Sag rarely missed an opportunity to confer with his students – past and present – and regularly invited them to his home. “Ivan would cook students dinner and have classes in the evening and talk about grammar over beer, and throw a barbecue or a jam session if [former students] were in town,” Jurafsky said.
Many of Sag’s former students returned to Stanford in April 2013 to attend a three-day workshop in honor of the 40th anniversary of Sag’s entrance into professional life. Officially titled “Structure and Evidence in Linguistics,” the event came to be known as “Ivan Fest.”
A tribute page on the accompanying website features moving entries by former colleagues and students describing how Sag influenced them personally and professionally.
Inbal Arnon, PhD ’10, who worked with Sag, wrote: “His taste for big questions, his endless curiosity about language, his appetite for life and for solving linguistic mysteries have all served as an example for how exciting and lively intellectual life can be. From the start, Ivan has not only been an exceptional mentor, but also a great friend.”
An idea generator
During the last 30 years of his career, Sag developed and refined formal theories of grammar that were, as Wasow put it, “precise enough to be computationally implementable and well suited to expressing linguists’ insights about language structure.”
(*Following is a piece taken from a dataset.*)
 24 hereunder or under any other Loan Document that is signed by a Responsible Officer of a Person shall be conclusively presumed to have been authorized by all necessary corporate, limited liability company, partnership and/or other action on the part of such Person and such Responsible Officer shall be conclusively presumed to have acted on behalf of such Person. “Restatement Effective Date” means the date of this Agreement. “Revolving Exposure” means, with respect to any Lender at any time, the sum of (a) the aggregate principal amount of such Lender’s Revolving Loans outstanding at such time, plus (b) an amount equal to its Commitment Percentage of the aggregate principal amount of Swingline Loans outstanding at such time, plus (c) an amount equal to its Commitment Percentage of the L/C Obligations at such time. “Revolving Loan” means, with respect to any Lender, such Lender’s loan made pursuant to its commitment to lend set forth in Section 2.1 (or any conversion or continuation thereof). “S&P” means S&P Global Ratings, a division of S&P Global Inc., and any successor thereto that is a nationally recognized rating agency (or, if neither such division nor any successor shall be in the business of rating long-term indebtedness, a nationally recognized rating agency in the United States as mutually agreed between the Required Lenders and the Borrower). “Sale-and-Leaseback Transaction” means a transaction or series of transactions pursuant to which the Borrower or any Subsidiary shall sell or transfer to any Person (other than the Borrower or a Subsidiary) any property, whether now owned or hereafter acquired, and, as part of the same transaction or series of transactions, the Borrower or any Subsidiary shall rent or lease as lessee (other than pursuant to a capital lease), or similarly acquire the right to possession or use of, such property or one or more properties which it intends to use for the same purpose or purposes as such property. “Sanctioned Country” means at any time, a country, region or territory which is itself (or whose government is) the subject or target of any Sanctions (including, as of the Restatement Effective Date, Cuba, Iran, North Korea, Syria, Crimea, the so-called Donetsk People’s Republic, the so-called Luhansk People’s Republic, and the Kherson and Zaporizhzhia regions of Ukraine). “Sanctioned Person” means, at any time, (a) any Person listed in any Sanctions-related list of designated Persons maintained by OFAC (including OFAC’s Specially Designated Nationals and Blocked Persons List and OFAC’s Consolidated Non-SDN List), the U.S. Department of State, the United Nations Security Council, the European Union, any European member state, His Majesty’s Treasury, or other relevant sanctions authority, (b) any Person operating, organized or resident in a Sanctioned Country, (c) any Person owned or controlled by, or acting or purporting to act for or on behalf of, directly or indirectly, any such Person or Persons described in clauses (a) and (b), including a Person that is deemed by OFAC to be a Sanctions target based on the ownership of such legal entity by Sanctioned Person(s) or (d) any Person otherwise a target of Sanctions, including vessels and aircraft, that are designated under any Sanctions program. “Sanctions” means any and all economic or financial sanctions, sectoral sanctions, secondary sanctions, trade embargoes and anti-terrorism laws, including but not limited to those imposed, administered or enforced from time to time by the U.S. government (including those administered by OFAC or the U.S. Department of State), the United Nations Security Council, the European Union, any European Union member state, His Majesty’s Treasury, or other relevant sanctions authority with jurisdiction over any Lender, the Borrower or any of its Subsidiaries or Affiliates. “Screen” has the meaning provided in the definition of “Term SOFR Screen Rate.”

Sag was one of the originating developers of Generalized Phrase Structure Grammar (GPSG), Head-Driven Phrase Structure Grammar (HPSG) and Sign-Based Construction Grammar (SBCG), with each stage developing out of the last.
Pullum, who co-authored Generalized Phrase Structure Grammar (1985) as well as numerous papers with Sag, called him “an idea generator” and a “master of syntactic and semantic data,” who was “constantly enthusiastic, always eager to investigate further, consummately honest about whether an analysis worked or not.”
Born in Alliance, Ohio, in 1949, Sag became interested in linguistics at the University of Rochester, where he studied Indo-European languages, sociolinguistics and Sanskrit. After receiving a BA from the University of Rochester in 1971, he went to the University of Pennsylvania, where he earned a master’s degree in 1973. Pursuing his interest in grammatical theory at the Massachusetts Institute of Technology, Sag wrote a dissertation on ellipsis (advised by Noam Chomsky). Sag earned his PhD from MIT in 1976. Before joining the faculty at Stanford in 1979, Sag was an assistant professor at the University of Pennsylvania for three years.
Sag was Professor Honoris Causa at the University of Bucharest (Romania, 2001). He was a fellow at the Center for Advanced Study in the Behavioral Sciences (Stanford, 2002-03); at Logica, the Dutch Research School in Logic (Utrecht, 1994); an Ameritech Fellow (Chicago, 1987-88); and a Mellon Fellow (Stanford, 1978-79).
He also served on the editorial boards of several journals, including Journal of Linguistics, Linguistics and Philosophy, Semantics and Pragmatics, French Review of English Linguistics, Journal of Language Modelling and Constructions.
There will be no public memorial service, but Sag’s family, friends and colleagues have joined with the LSA to found the Ivan Sag Linguistic Institute Fund to support the continuing efforts of the LSA to sponsor and organize the biennial Linguistic Institute, including student fellowships and the Sapir Professorship.